* **COLLECTED MATERIAL**
%%

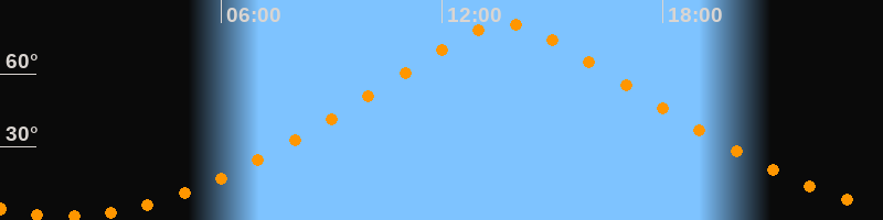 | Höchster Stand (Kulmination) | 13:44 Uhr (h = 80,4°) |
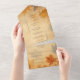 Celebrate your love story in the warm embrace of autumn with this elegant rustic autumn All-in-One wedding invitation. Order now to begin the journey of sharing your special day with family and friends in a way that captures the essence of the season and the timeless charm of rustic aesthetics. The All-in-One wedding invitations are both beautiful and practical by combining the wedding invitation with an easy to remove perforated RSVP postcard. They are also quick and easy to prepare for mailing. Simply address the invitation, fold the back flap and seal with the included clear stickers. Once your guests receive the pre-addressed invitation they simply tear off the perforated RSVP card and drop it in the mail.
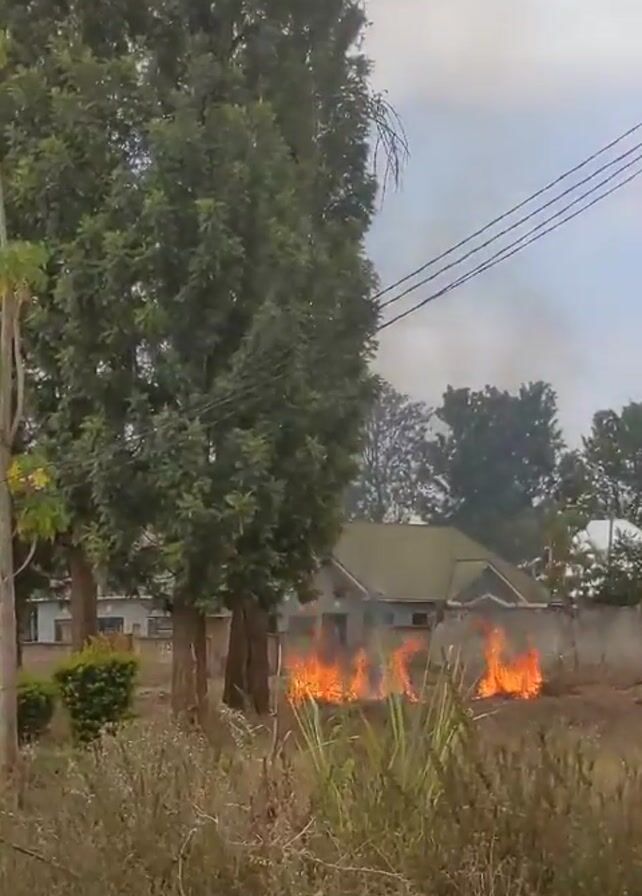 The scene is a yard with grass on fire

%%

Repeat the listing exactly, pictures excluded.

* **EXPECTED ANSWER**
 | Höchster Stand (Kulmination) | 13:44 Uhr (h = 80,4°) |
 Celebrate your love story in the warm embrace of autumn with this elegant rustic autumn All-in-One wedding invitation. Order now to begin the journey of sharing your special day with family and friends in a way that captures the essence of the season and the timeless charm of rustic aesthetics. The All-in-One wedding invitations are both beautiful and practical by combining the wedding invitation with an easy to remove perforated RSVP postcard. They are also quick and easy to prepare for mailing. Simply address the invitation, fold the back flap and seal with the included clear stickers. Once your guests receive the pre-addressed invitation they simply tear off the perforated RSVP card and drop it in the mail.
 The scene is a yard with grass on fire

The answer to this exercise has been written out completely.